### THE TASK
Skip the pictures. Transcribe the rest of the data below without changing a word.

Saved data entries
★ ★ ★ ★

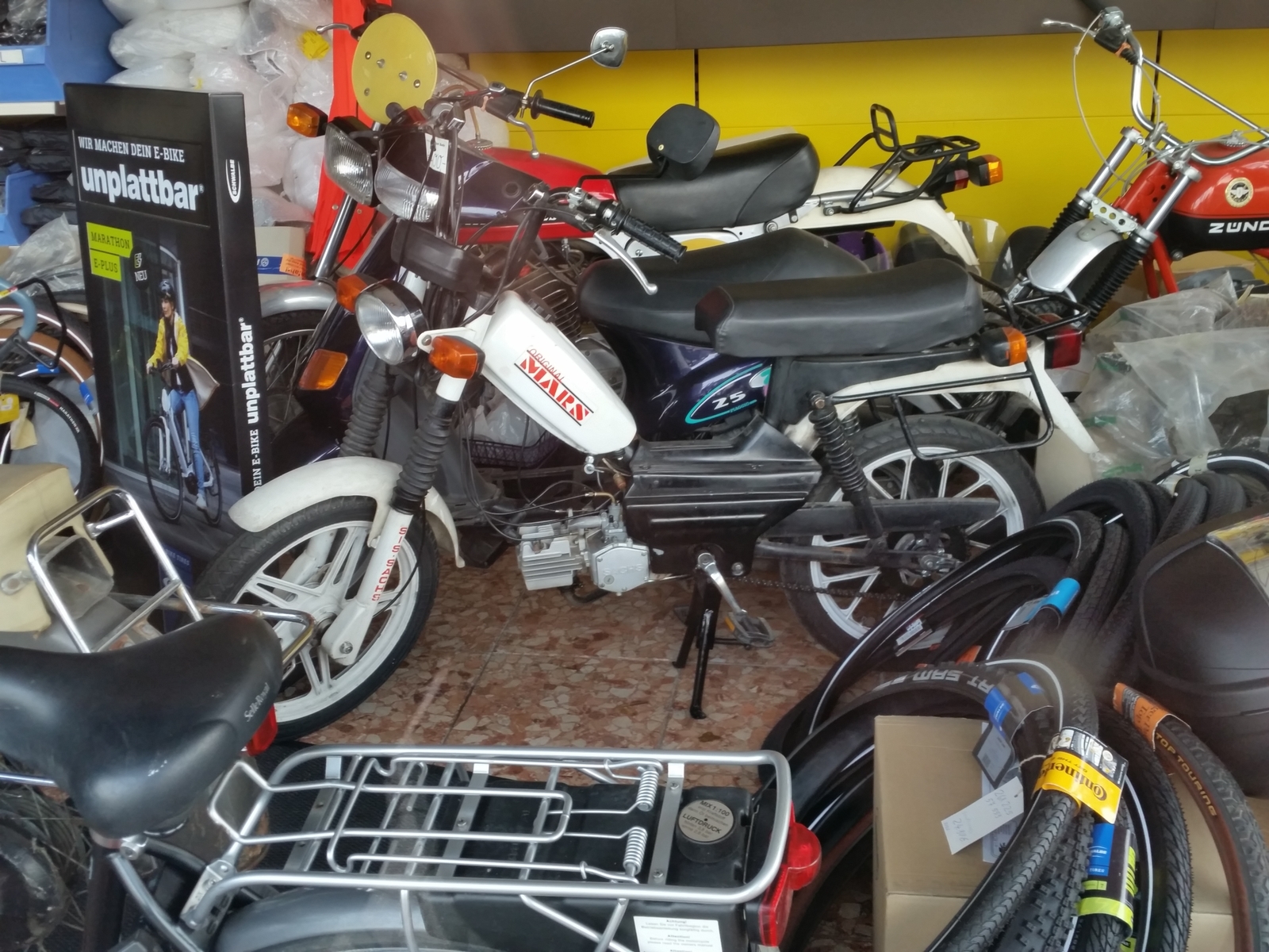 Sie ging zum 20 km entfernten Piaggio-Hercules-(Kreidler-Victoria)-Händler. Also fast sowas wie moped-garage.de nur in echt.
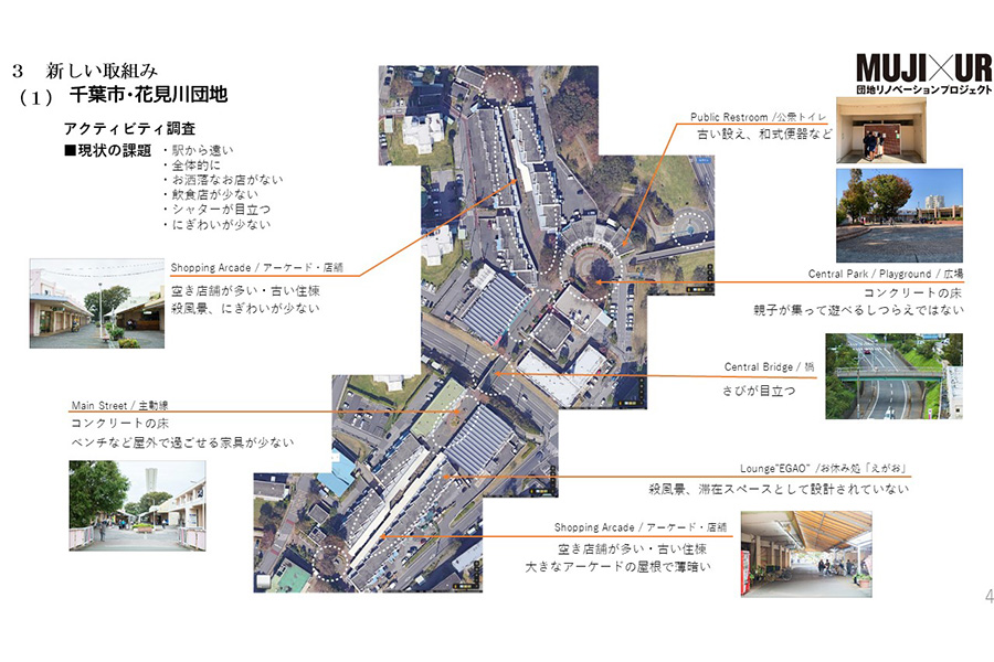 - その結果、商店街には非常に大きなアーケードがありますが、店舗が少なくなって空き店舗が目立つ状態になっていることなどがわかりました。調査も踏まえて課題を洗い出してみたところ、駅から遠い立地的な問題や全体的な老朽化というハード的な問題もあり、さらにはお洒落な店舗が少なく、店舗が増えない、賑わいもないという負のスパイラルに陥っていることがわかりました。そこをなんとか「MUJI×UR 団地まるごとリノベーション」に取り組むことで解決したいと考え、まず目的と設計指針を定めました。
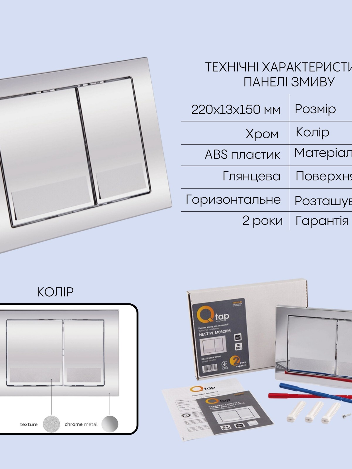 Склад набору: Інсталяція: Qtap Nest QT0133M425. Панель змиву: Qtap Nest QT0111M06028CRM. Унітаз із сидінням: Qtap Robin QT13332381AW.
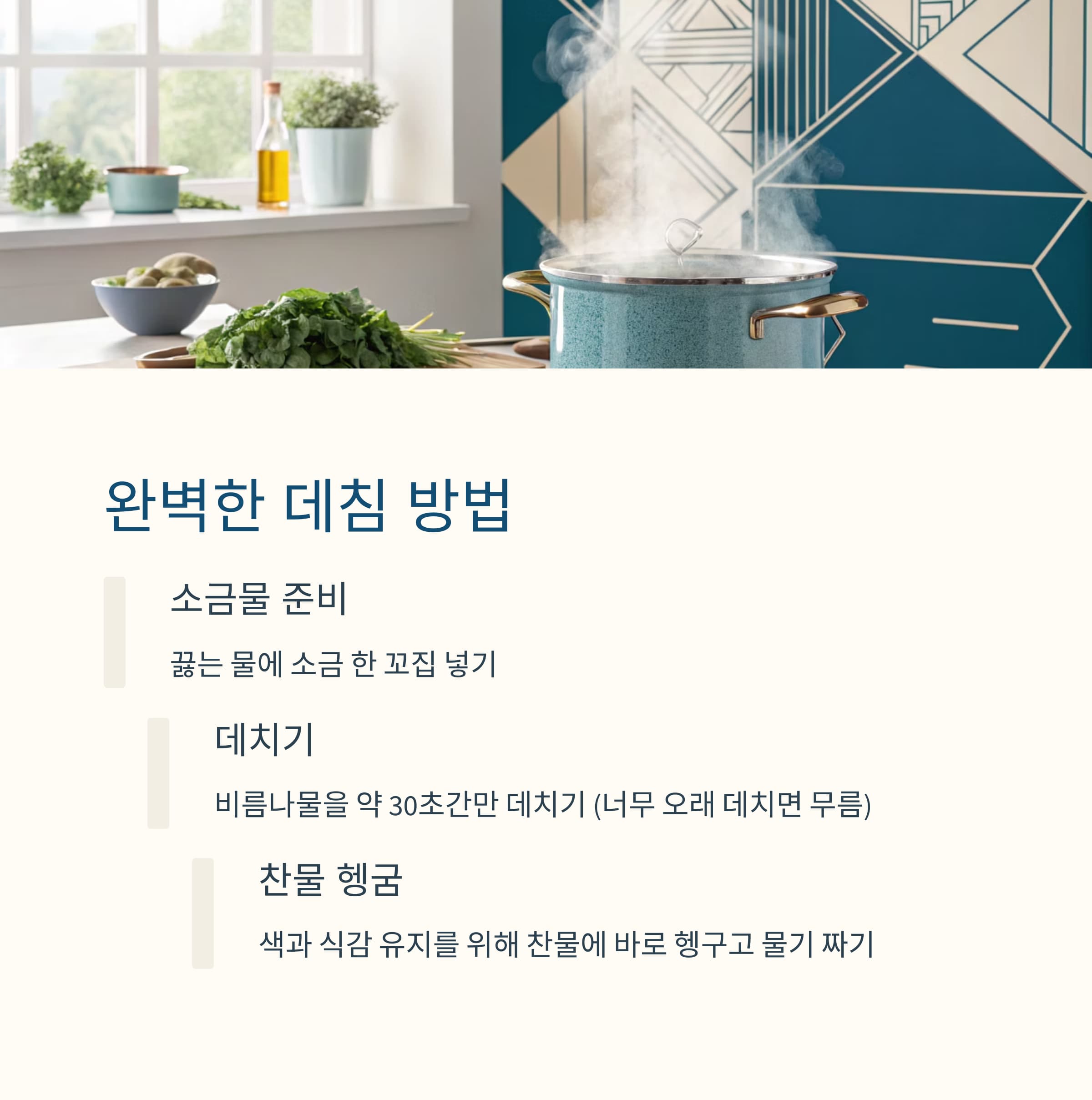 데친 후에는 찬물에 바로 헹궈 색과 식감을 유지하는 것이 포인트입니다
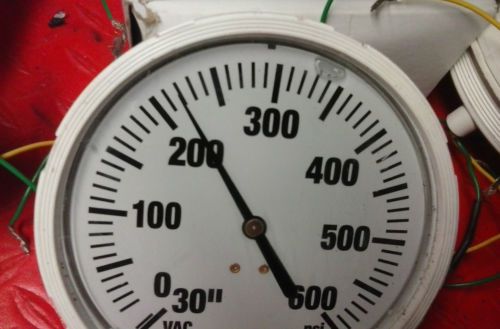 6" Liquid filled Panel mounted (1/4" NPT) White Face VAC Range -30 to 600 PSI Ga
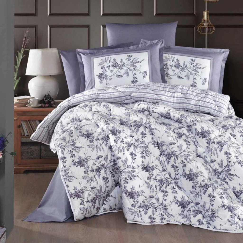 - Set içeriği; rahat bir uyku deneyimi sunan Çift kişilik yorgan, lastikli çarşaf ve yastık kılıfından oluşur.
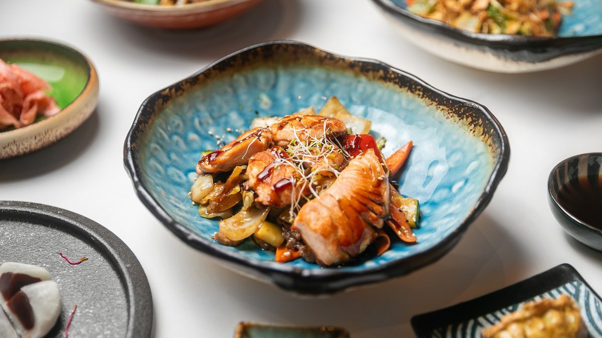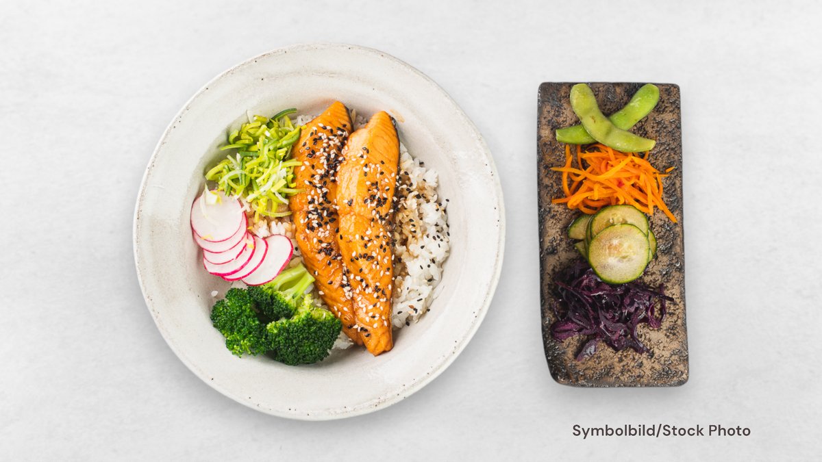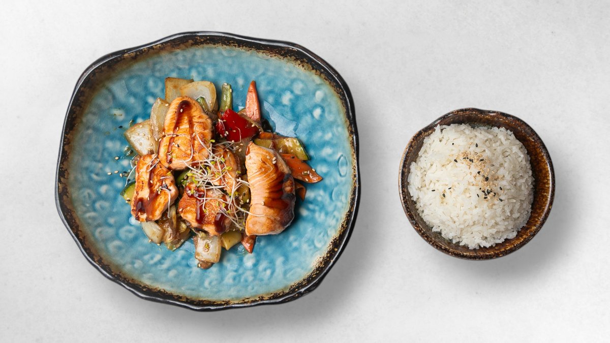 Gebratener Lachs, Gemüse, Teriyakisoße, Reis

★ ★ ★ ★

### WRITTEN ANSWER
 Sie ging zum 20 km entfernten Piaggio-Hercules-(Kreidler-Victoria)-Händler. Also fast sowas wie moped-garage.de nur in echt.
 - その結果、商店街には非常に大きなアーケードがありますが、店舗が少なくなって空き店舗が目立つ状態になっていることなどがわかりました。調査も踏まえて課題を洗い出してみたところ、駅から遠い立地的な問題や全体的な老朽化というハード的な問題もあり、さらにはお洒落な店舗が少なく、店舗が増えない、賑わいもないという負のスパイラルに陥っていることがわかりました。そこをなんとか「MUJI×UR 団地まるごとリノベーション」に取り組むことで解決したいと考え、まず目的と設計指針を定めました。
 Склад набору: Інсталяція: Qtap Nest QT0133M425. Панель змиву: Qtap Nest QT0111M06028CRM. Унітаз із сидінням: Qtap Robin QT13332381AW.
 데친 후에는 찬물에 바로 헹궈 색과 식감을 유지하는 것이 포인트입니다
 6" Liquid filled Panel mounted (1/4" NPT) White Face VAC Range -30 to 600 PSI Ga
 - Set içeriği; rahat bir uyku deneyimi sunan Çift kişilik yorgan, lastikli çarşaf ve yastık kılıfından oluşur.
 Gebratener Lachs, Gemüse, Teriyakisoße, Reis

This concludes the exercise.